4 loops
lake nokomis open swim
65 degrees
Wow wow wow! What a wonderful swim for my birthday weekend. The air was cooler, but the water was fine and the sun was warm. Not much wind, so few waves, but the sun reflecting off the water sparked light everywhere. Felt strong and sore, then not sore, then sore again: mostly my neck from sighting and breathing. I didn’t wear my safety buoy and it felt strange, like I was missing something.
1
The water was clearer, lighter. Less greenish-blue and empty, more greenish-yellow and full of living things — particles, vines, sediment — and light. Shafts of light everywhere underwater — not straight down, but at angles and coming up from the bottom not down from the sky.

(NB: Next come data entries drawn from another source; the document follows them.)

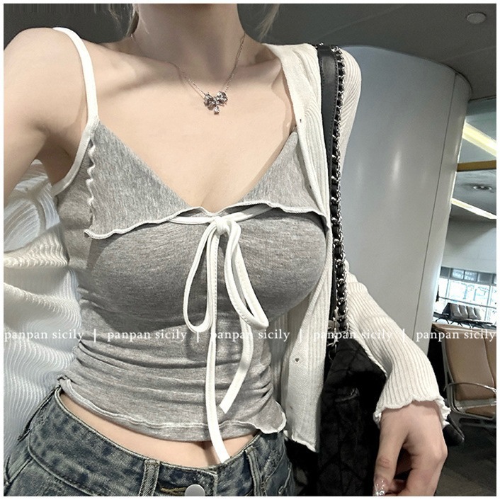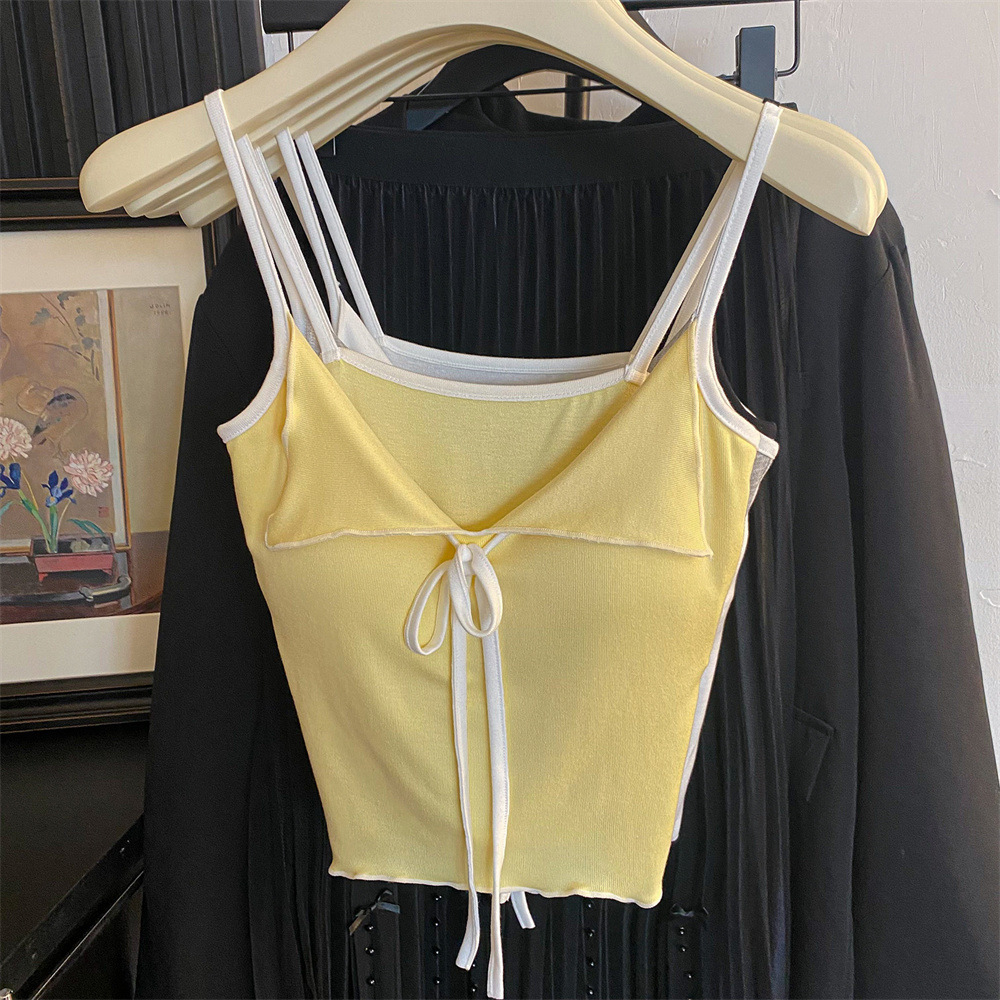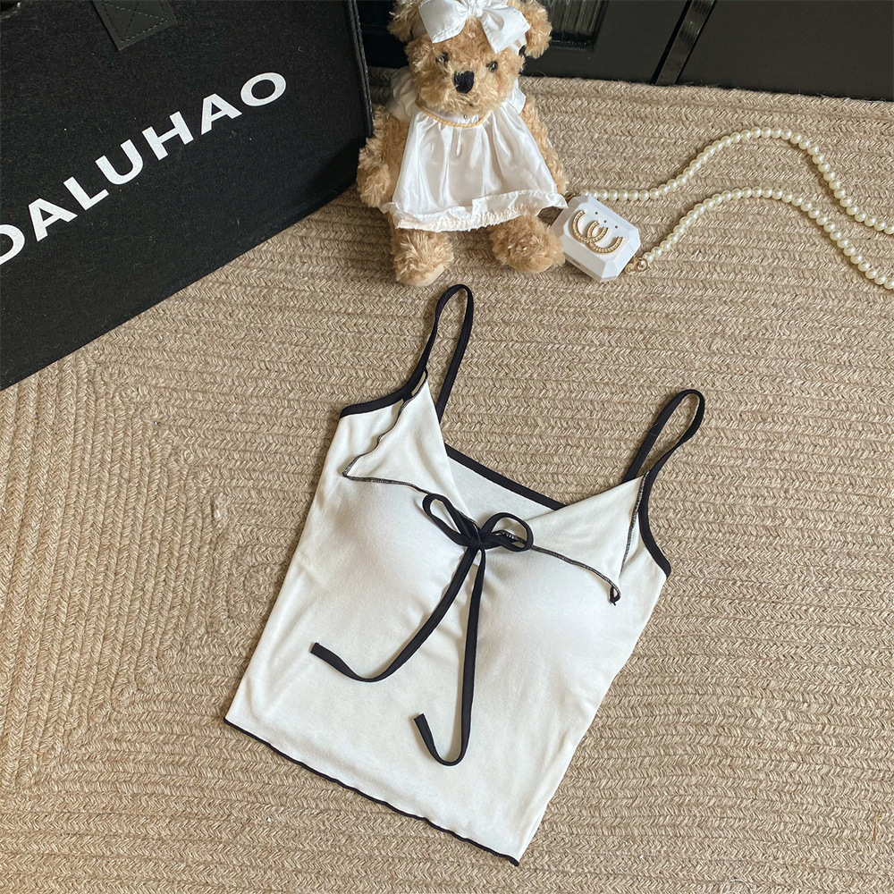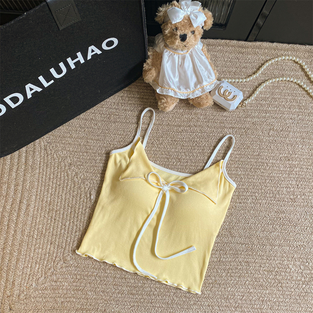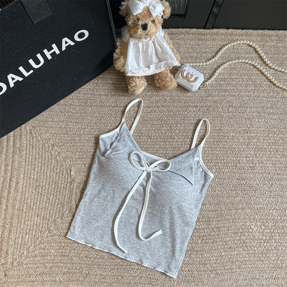穿色新款上衣蝴蝶结甜辣搭外女背心无袖性感吊带撞打底修身内蝴蝶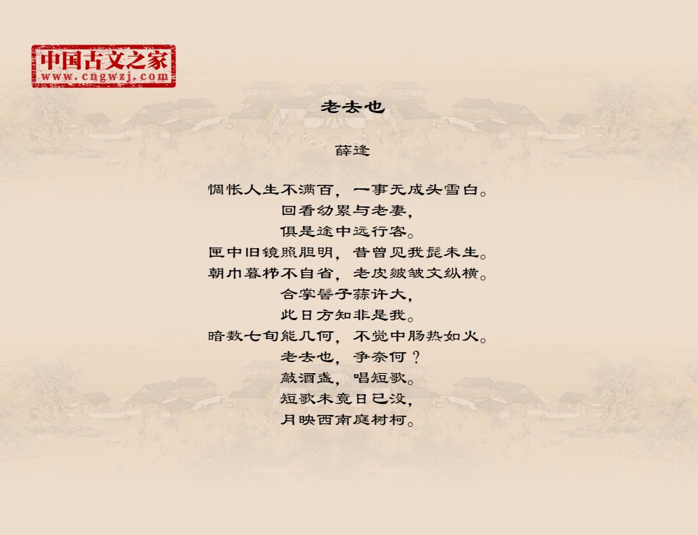 惆怅人生不满百,一事无成头雪白。回看幼累与老妻,俱是途中远行客。匣中旧镜照胆明,昔曾见我髭未生。朝巾暮栉不自省,老皮皴皱文纵横。合掌髻子蒜许大,此日方知非是我。暗数七旬能几何,不觉中肠热如火。老去也,争奈何?敲酒盏,唱短歌。短歌未竟日已没,月映西南庭树柯。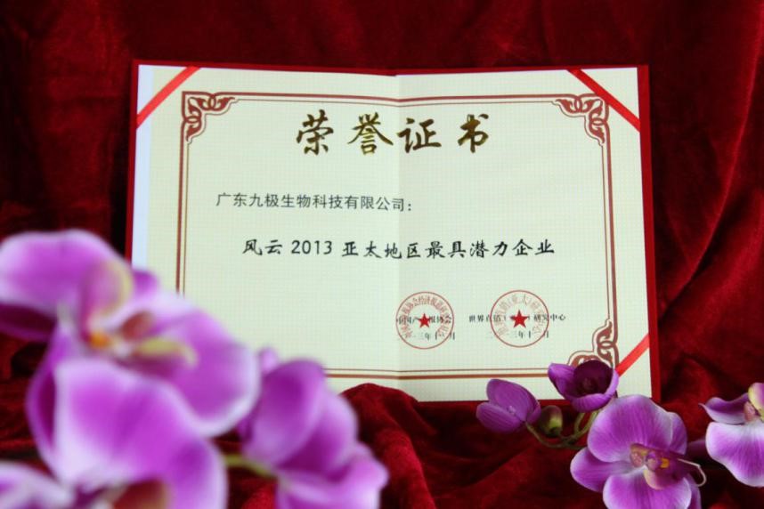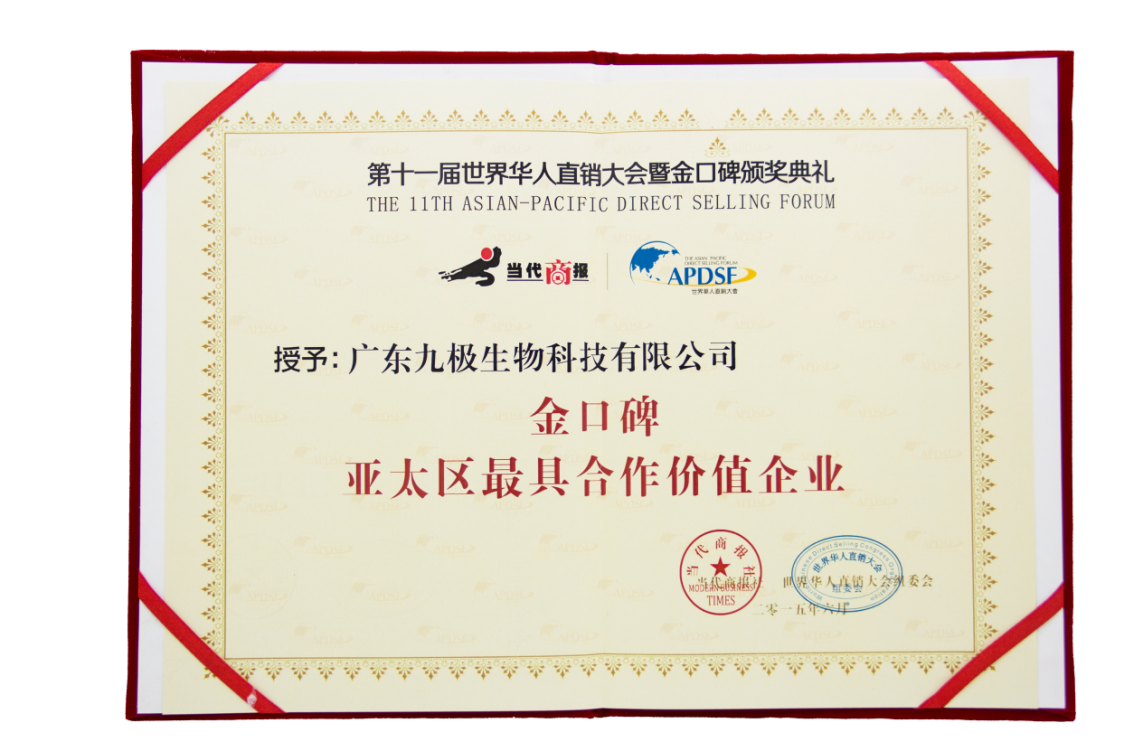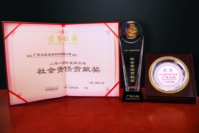 近年來,九極產(chǎn)品獲得了廣大消費(fèi)者厚愛和好評,獲得風(fēng)云2013亞太地區(qū)最具潛力企業(yè)獎(jiǎng)、2014直銷企業(yè)社會(huì)責(zé)任貢獻(xiàn)獎(jiǎng)、金口碑亞太區(qū)最具合作價(jià)值企業(yè)獎(jiǎng)等眾多殊榮,也被認(rèn)定為“廣州市高新技術(shù)企業(yè)”。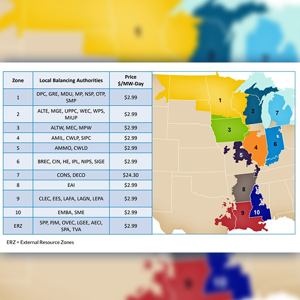 MISO’s 7th annual capacity auction cleared at $2.99/MW-day in all but 1 zone, a significant decline compared with last year’s nearly uniform $10 price.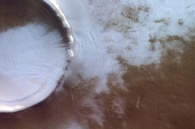 Из-за того, что снимок был сделан ранним марсианским утром, солнечный свет отображается в залежах льда в кратере и производит яркое впечатление. Лед покрывает дно этого марсианского кратера, стенки и частично окружающую поверхность.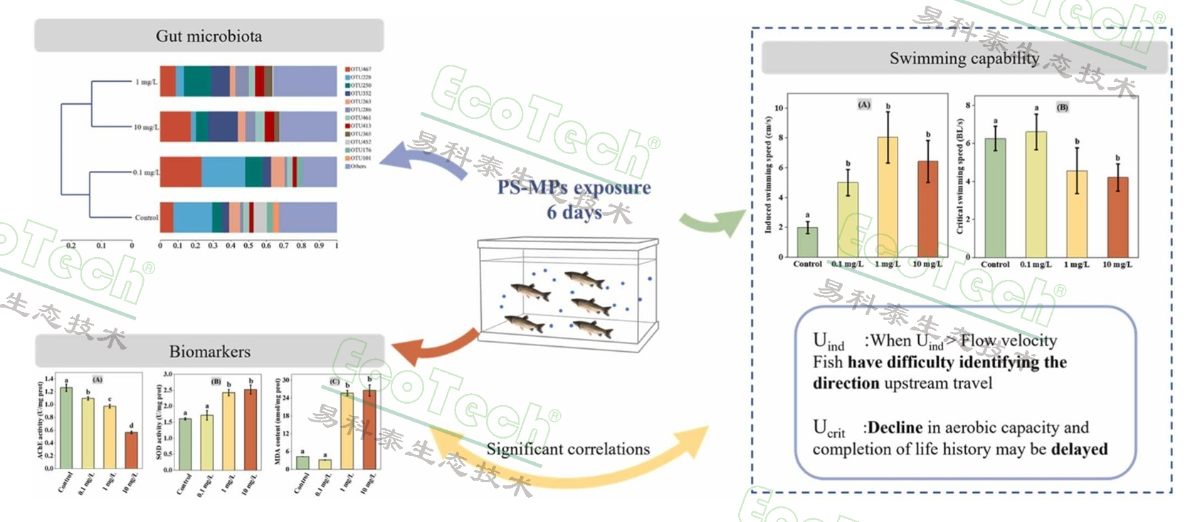 結(jié)果顯示,PS-MPs暴露顯著抑制了草魚大腦中的乙酰膽堿酯酶(AChE)活性,并在1和10 mg/L暴露濃度下顯著增加了超氧化物歧化酶(SOD)活性和丙二醛(MDA)水平,同時改變了草魚腸道微生物群落并降低了香農(nóng)多樣性指數(shù)。此外,PS-MPs顯著提高了草魚的誘導(dǎo)游泳速度,并降低了臨界游泳速度,這可能延遲草魚完成生命周期。研究還發(fā)現(xiàn)生物標(biāo)志物與游泳能力指標(biāo)之間存在顯著相關(guān)性。該研究結(jié)果表明,微塑料對魚類的生理特性產(chǎn)生了負(fù)面影響,降低了遷徙魚類的游泳能力,強(qiáng)調(diào)了微塑料污染可能對水生生態(tài)系統(tǒng)功能和生物多樣性的長遠(yuǎn)影響,為理解持久性污染物微塑料對水生生態(tài)系統(tǒng)的影響提供了新的見解。
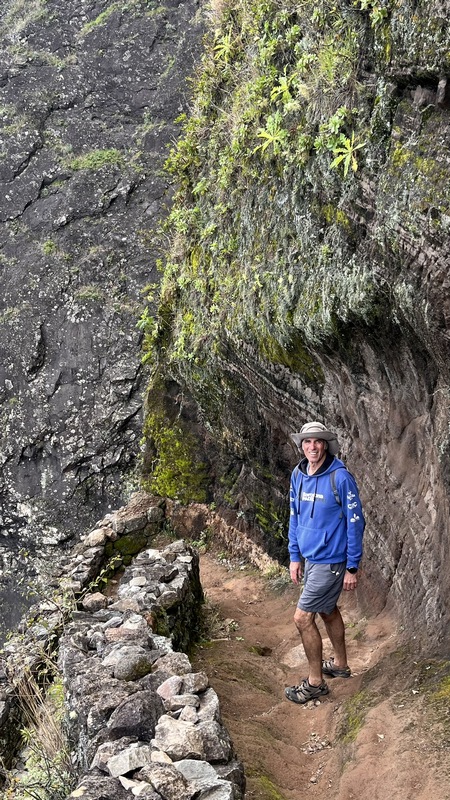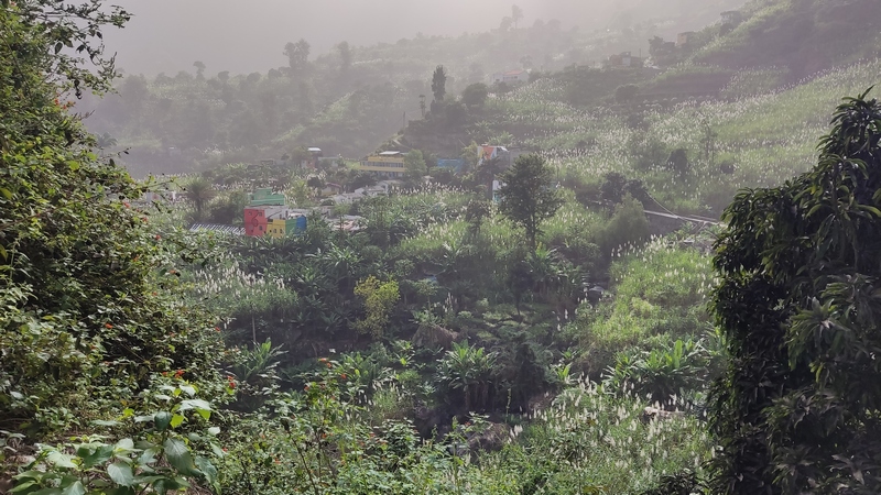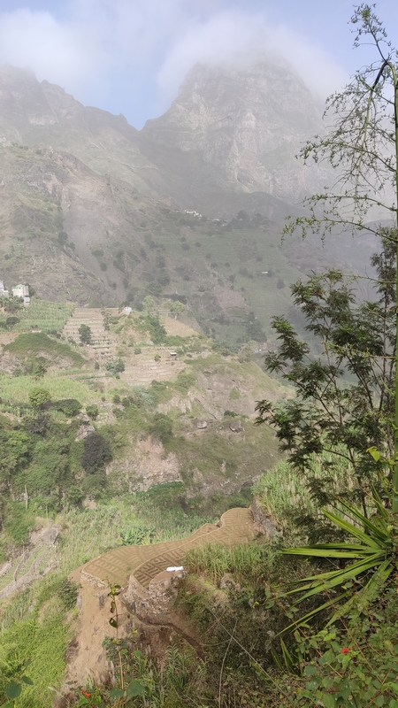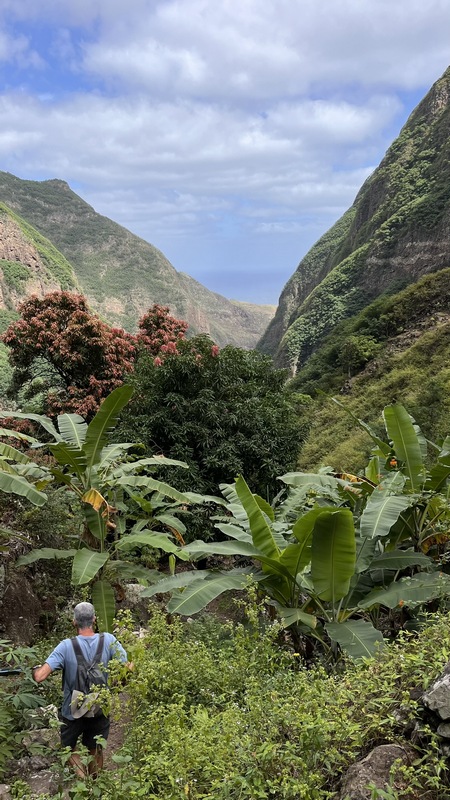 Desde aquí hay 1.300 mts de desnivel y unos 15 km de distancia hasta Paul. Empieza un empinado descenso por un estrecho y vertiginoso camino de tierra empedrado. Las vistas son espectaculares, curva tras curva el sinuoso sendero nos ofrece unas vistas espectaculares del valle y el mar al fondo. Tras una hora de descenso, aparecen un par de cabañas de agricultores locales donde venden agua, refrescos, te, café o fruta, y puedes parar a descansar un poco. El paisaje cambia, las estrechas terrazas de cultivo dan paso a amplias plantaciones de café, caña de azúcar, plataneros, mangos, aguacate... Una hora más y llegamos a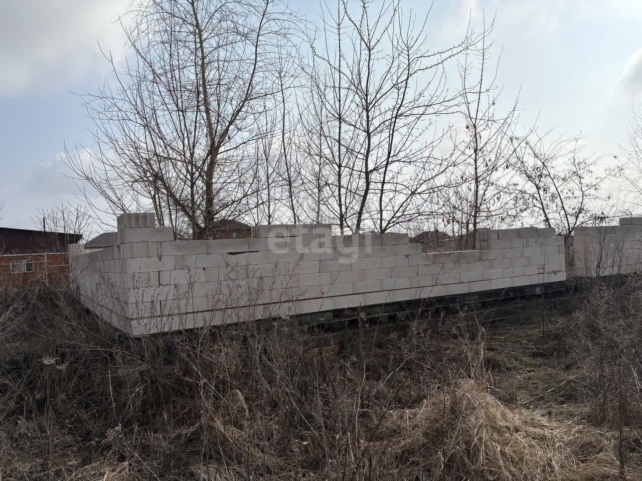 Участок площадью 18 соток, на территории расположен фундамент и уложены несколько рядов блоков. Рядом уже построены дома, есть линия газа, электричество от столба, находится на территории, централизованное водоснабжение.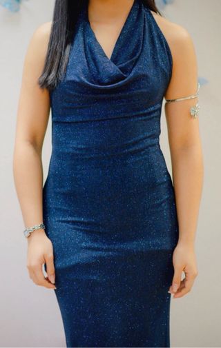 Vestido largo azul ajustado con abertura.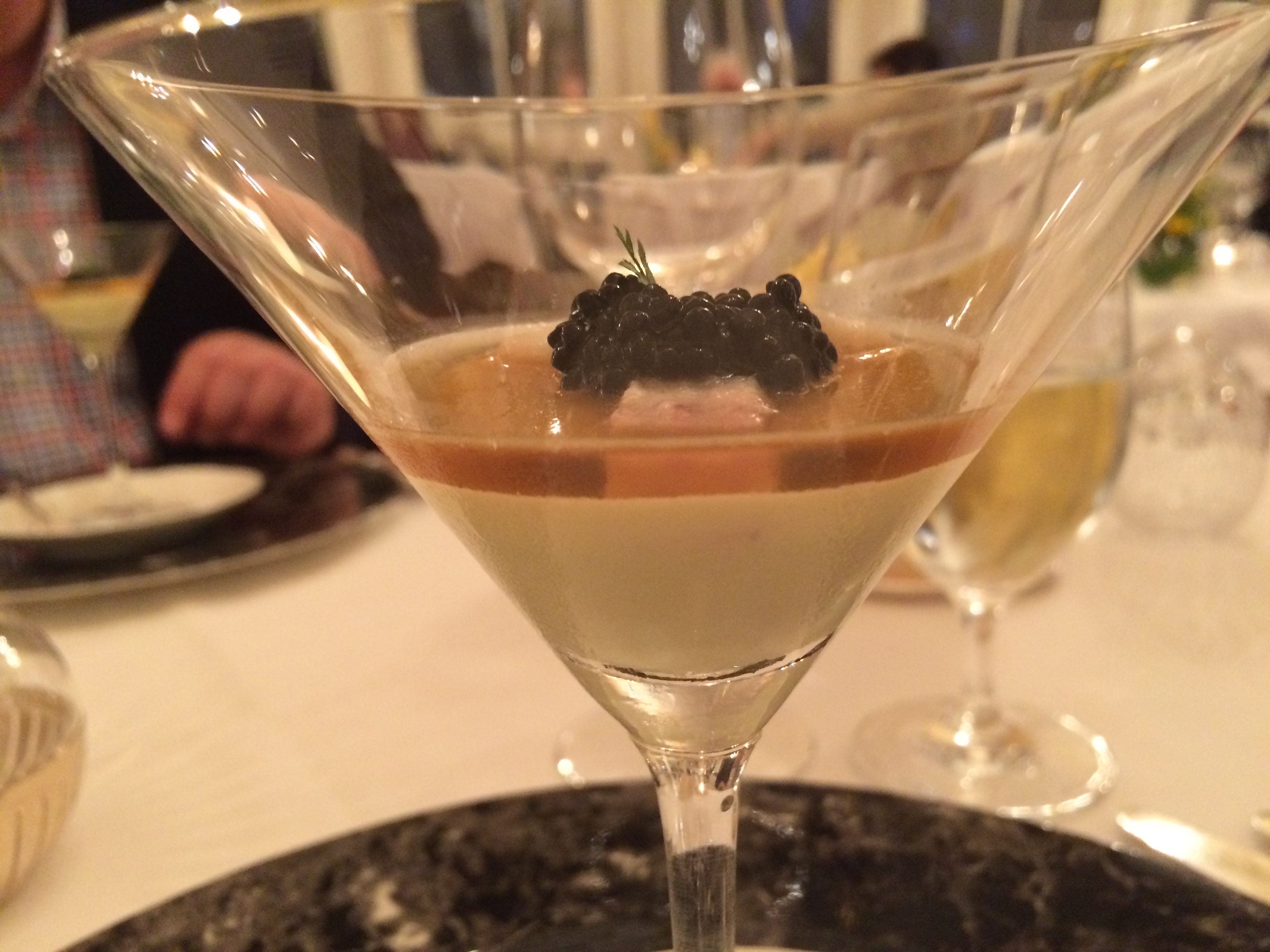 Unser Einstieg ins Menü beginnt vorzüglich. Als erster Gruß erreicht uns eine Creme Vichssoise im Martiniglas mit Krustentiergelee, Räucheraal und einer gut dosierten Menge Kaviar. Das ist in Konsistenz und Ausführung perfekt und der Geschmackakkord ist fast schon dekadent süchtg machend.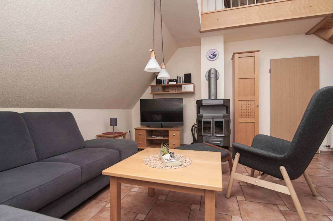 Die Einbauküche ist voll ausgestattet mit Geschirrspüler, Kühlschrank, separatem Gefrierschrank, Mikrowelle, Herd mit Cerankochfeld und Dunstabzugshaube. Die Wohnung verfügt über einen Kaminofen, der besonders an ungemütlichen Tagen für eine gemütliche Atmosphäre sorgt., auch die Sauna garantiert entspannte Stunden.

An illusion, but fun to imagine the light source as down below. The opposite of Lorine Niedecker’s “ocean’s black depths” (Paean to Place) and Alice Oswald’s “violet dark” (Nobody). I noticed the shafts of light the most in the stretch of water between the last green buoy and the first orange one.
2
After I finished my 4th loop, swimming just inside the pink buoys, I looked underwater — clear enough to see the sandy, rocky bottom, but not clear enough to see any hairbands. Writing this reminded me of what I witnessed before the swim: minnows! As I waded in the shallow water, dozens of little fish scattered as I approached. None of them nibbled at my toes, or if they did, I didn’t feel it.
3
During the first loop somewhere between the first and second orange buoys an alarming thought appeared: what if I fainted in the middle of the lake? In the past this thought might have caused panic which I would feel in my body — a flushed face, harder to breathe, hot tingling on the top of my head. Not today. No physical effect. Within a few minutes the thought was gone. Is this because of the lexapro? FWA says that sometimes he feels the lexapro working — he’ll start having overwhelming thoughts but instead of spiraling, he feels himself become separated from those thoughts — they become abstract and distant. I wondered about this as I stroked then connected it to Alice Oswald’s Homeric mind and the idea of thoughts not just living in our head but traveling outside of our bodies from there to there.
3
I only saw the orange buoys when I was right next to them. I was almost always swimming straight at them, so some part of me knew they were there, just not my eyes. No panic or fear or negative thoughts as I looked at the nothingness of water and sky and a vague, generic tree line.